How mortgage rates can impact your decision
Mortgage rates are central to determining whether a refinance will save you money. The industry standard is simple: If you can drop your rate by just 0.75 percentage points, the monthly relief offsets standard closing costs.
Bankrate's Hidden Homeownership Tax research found that 87% of borrowers in 2025 paid more than the most competitive rate available to them — and 78.7% of refinance borrowers overpaid, too. That overpayment comes down to not shopping enough lenders. The typical borrower who overpaid gave up $3,343 a year (that’s $278 a month) over the life of their loan. If you didn't compare at least three lenders when you got your current mortgage, there's a good chance you're one of them, regardless of when you closed.
No matter when you took out your mortgage, if your break-even point is shorter than how long you plan to stay in the home, refinancing is worth pursuing.
Review current mortgage refinance rates, compare lenders and see what you qualify for.
Learn moreWhat is mortgage refinancing?
Mortgage refinancing means you replace your current home loan with a new one. The borrowed funds from your new mortgage pay off your existing loan. Most people refinance to lock in a lower interest rate or to shorten the mortgage term.
A cash-out refinance lets you borrow additional cash against your equity, but it also means owing more on your home and resetting your interest clock on a larger balance. If you're covering a one-time cost like debt consolidation or a major repair, compare a cash-out refinance against a home equity loan or HELOC first. Either one can get you cash without touching your primary mortgage rate.
Factors that affect your mortgage refinance
You navigated underwriting once to buy this home, so your financial profile has already been tested. If you've kept up with your payments, refinancing mostly comes down to getting lenders to compete for a rate you've already proven you can handle. Loan terms typically depend on:
- Credit score: You’ll need a minimum of 620, but higher is better. Lenders’ highest rates typically go to borrowers with scores above 780.
- Debt-to-income ratio: Generally, lenders want 43% or less of your gross monthly income going toward debt payments, including your mortgage. A higher ratio may still qualify if you have several months of mortgage payments in reserve or other compensating factors a lender can verify.
- Solid payment history: If you've made your recent mortgage payments on time, your odds of approval go up.
- Loan-to-value ratio: This compares the amount you owe to your home's current value. Conventional lenders generally require at least 20% equity for the best rates and to avoid mortgage insurance, but government-backed options like FHA and VA refinances allow you to qualify with less equity.

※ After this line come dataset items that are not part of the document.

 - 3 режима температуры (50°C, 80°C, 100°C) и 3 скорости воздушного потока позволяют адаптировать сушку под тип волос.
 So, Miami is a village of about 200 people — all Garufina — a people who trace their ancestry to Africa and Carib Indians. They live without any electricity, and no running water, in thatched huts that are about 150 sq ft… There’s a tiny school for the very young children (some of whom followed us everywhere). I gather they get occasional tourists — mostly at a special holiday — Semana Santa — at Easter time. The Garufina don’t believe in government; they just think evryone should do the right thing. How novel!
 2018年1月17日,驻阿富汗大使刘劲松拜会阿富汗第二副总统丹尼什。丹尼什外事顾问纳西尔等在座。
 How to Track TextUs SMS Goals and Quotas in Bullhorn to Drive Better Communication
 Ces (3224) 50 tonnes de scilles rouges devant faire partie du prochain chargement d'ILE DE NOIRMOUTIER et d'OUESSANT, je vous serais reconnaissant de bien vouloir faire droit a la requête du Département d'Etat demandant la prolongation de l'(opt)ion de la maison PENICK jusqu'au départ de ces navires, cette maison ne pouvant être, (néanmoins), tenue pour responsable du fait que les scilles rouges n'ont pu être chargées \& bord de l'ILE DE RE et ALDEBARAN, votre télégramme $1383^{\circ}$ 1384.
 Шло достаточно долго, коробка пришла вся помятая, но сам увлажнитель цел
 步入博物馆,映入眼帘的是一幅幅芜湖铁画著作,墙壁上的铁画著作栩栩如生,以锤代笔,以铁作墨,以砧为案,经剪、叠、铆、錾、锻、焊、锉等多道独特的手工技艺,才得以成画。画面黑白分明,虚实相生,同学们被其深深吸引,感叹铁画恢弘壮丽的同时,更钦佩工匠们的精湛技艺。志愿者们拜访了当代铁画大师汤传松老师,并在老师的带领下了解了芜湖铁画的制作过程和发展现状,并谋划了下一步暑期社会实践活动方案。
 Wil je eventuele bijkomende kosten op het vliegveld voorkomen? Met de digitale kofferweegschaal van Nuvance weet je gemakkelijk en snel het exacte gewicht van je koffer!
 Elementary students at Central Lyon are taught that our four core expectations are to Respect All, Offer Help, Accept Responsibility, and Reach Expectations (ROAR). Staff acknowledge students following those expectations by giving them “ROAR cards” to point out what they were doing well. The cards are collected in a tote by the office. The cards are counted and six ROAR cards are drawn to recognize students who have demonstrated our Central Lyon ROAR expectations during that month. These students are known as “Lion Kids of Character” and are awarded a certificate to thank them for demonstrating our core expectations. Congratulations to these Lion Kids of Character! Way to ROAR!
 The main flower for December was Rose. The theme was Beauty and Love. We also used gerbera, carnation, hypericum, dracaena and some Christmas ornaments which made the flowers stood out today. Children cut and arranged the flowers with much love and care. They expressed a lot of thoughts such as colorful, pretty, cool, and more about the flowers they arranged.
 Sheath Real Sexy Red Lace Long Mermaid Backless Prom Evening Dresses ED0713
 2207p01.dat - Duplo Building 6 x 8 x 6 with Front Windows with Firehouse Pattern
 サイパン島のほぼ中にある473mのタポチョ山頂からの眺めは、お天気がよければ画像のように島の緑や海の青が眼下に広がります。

As with your original mortgage, expect to provide recent pay stubs, tax returns, bank statements and other financial documents.
What to consider next
Is now the right time to refinance your mortgage? If your break-even point is under 3 years and you plan to stay in the home that long, refinancing at today's rates is worth pursuing now. If your break-even point is longer than you plan to stay, hold off and keep tracking rates. Either way, get quotes from at least three lenders before you decide — that single step is where most borrowers in Bankrate's Hidden Homeownership Tax research left money on the table.
When you narrow it down to a few lenders, apply for preapproval. Each will send you a loan estimate breaking down your new loan's rate and fees. Use those estimates to compare lenders side by side to see which one actually gets you the best deal.